Did you even read my post, or are you just trolling me? I never mentioned copyright. Abolishing patents means nothing CAN prevent you from benefiting from your work. No patents means companies CANNOT be the legal owner of your invention - NO ONE CAN. It's patents, right now, that are being taken by companies and thus legally prevent inventors from doing anything about it.

No patents means it doesn't matter - you can make it, you can profit from it. I also didn't specify that it's perfect - only that it's "better off without" (...) "as things stand".
Jotaf
not rated yet Apr 17, 2012
@Sanescience: Don't worry, we hear regularly from software engineers that they'd do it much better if they were in our place! They assume it's the same thing, but it's not -- believe me, I've been on both sides.

The truth is that we're the ones here in the trenches, and we get things done, while arrogant DB programmers (that say we do it wrong) never left their comfort zone. Yes, scientific code can be messy, as I said it's in the frontiers of knowledge. We're experimenting, there's no set path -- you can't plan it in your head and go (as you do when you're coding a GUI for the 20th time).

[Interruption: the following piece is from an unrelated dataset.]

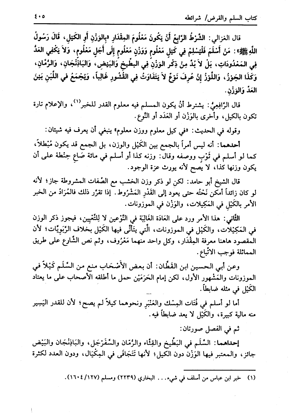قال الغزالي: الشَّرْطُ الرَّابعُ أَنْ يَكُونَ مَعْلُومَ المِقْدَارِا "بِالوَزْنِ أَوِ الكَيْلِ، قَالَ رَسُولُ اللهِ -صلى الله عليه وسلم-": مَنْ أَسْلَمَ فَلْيُسْلِمْ فِي كَيْل مَعْلُومٍ وَوَزْنٍ مَعْلُومٍ إلَى أَجَلٍ مَعْلُومٍ، وَلاَ يَكْفِي العَدُّ فِي المَعْدُودَاتِ، بَلْ لاَ بُدَّ مِنْ ذِكْر الوَزْنِ فِي البطِّيخِ وَالبَيْضِ، وَالبَاذِنْجَانِ، وَالرُّمَّانِ، وَكذَا الجَوْزُ، وَاللَّوْزُ إِنْ عُرِفَ نَوْعٌ لاَ يَتَفَاوَتُ فِي القُشُورِ غَالِباً، وَيُجْمَع في اللَّبَنِ بَيْنَ العَدِّ وَالوَزْنِ.

It doesn't mean you can dismiss any new algorithm or simulation. Things that work stay, things that don't die off. What's your alternative? If the brightest people in the world can't do it, who can? Do we just forbid new developments?

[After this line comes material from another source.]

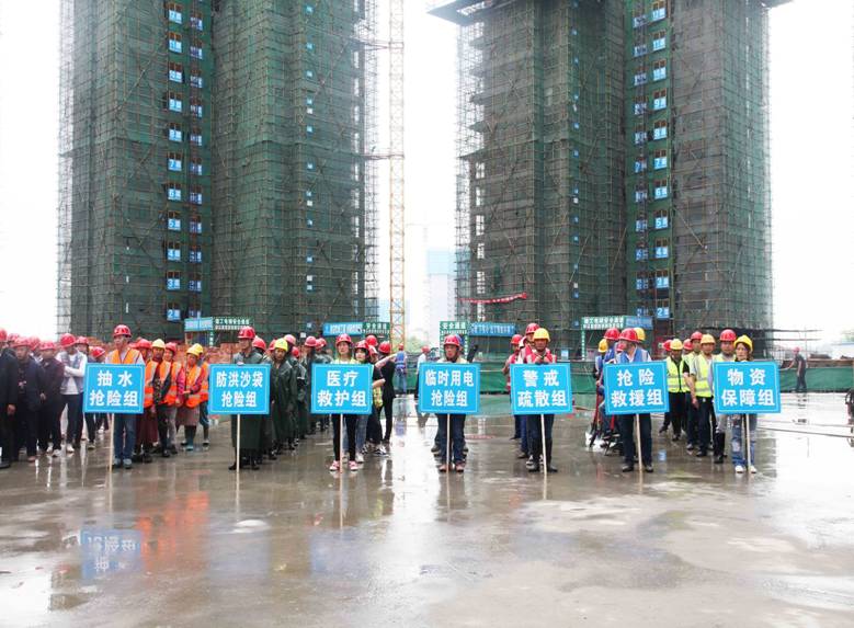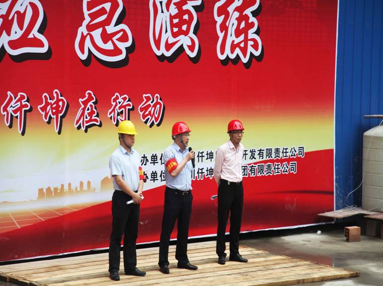 上午10:00分,在“仟坤-天朗”項(xiàng)目施工現(xiàn)場(chǎng),一場(chǎng)別開生面的防汛搶險(xiǎn)應(yīng)急演練正在進(jìn)行中,演練模擬綿竹突降暴雨,造成建筑工地大面積積水,部分裝備被淹。防汛搶險(xiǎn)小組“聞汛”而動(dòng),第一時(shí)間趕到事故現(xiàn)場(chǎng),隨即開展救援工作,首先將傷員搶救出來并轉(zhuǎn)移到安全地帶,臨時(shí)用電搶險(xiǎn)組斷開電路,然后用大功率抽水機(jī)排水,并用沙袋截住坑基上的側(cè)洪水,經(jīng)過半個(gè)小時(shí)的艱苦奮戰(zhàn),險(xiǎn)情被完全控制,演練結(jié)束。

@alfie_null: In my experience, if they're useful enough they eventually get re-implemented -- generic algorithms and important simulations fall into this category.
Davecoolman
1 / 5 (5) Apr 17, 2012
About time, the stakes are so high that all data should be provable, dependably.
DaFranker
1.8 / 5 (5) Apr 19, 2012
The truth is that we're the ones here in the trenches, and we get things done, while arrogant DB programmers (that say we do it wrong) never left their comfort zone. Yes, scientific code can be messy, as I said it's in the frontiers of knowledge. We're experimenting, there's no set path -- you can't plan it in your head and go (as you do when you're coding a GUI for the 20th time).


This is even more reason to make it open-source. Those arrogant DB programmers will be stump-faced by the code or shut up when asked for a better example, and the real coders and hackers can take a crack at the frontier and suggest improvements. You'd be surprised how much a good one can improve scientific code even when they have no idea what the program is doing. Problem is, you won't find those as "professional" programmers "offering their services". You *need* to make the code openly available and let them come to you. It's a different market.
Sanescience
1 / 5 (3) Apr 20, 2012
@Jotaf

Touchy! There are many kinds of programming, my references were C , not DB.

"The truth is that we're the ones here in the trenches ... Yes, scientific code can be messy, as I said it's in the frontiers of knowledge. We're experimenting."

I've seen plenty of trenches in my time, I was in the occasional PC game project and 500 hour work months that led to the lawsuits over working conditions at game companies and reformed labor law.

I must again emphasis there are (at least) two classes of programming "errors", procedural, and implementation. Someone who doesn't know a thing about the simulation math of a model can still look at a line of code and say "hey, are you using any computers with a certain release of gcc or g ? Because if you heavily iterate this line of code it will introduce precision errors using this order of operations in long long variables." And there are innumerable little things like that, no one knows them all.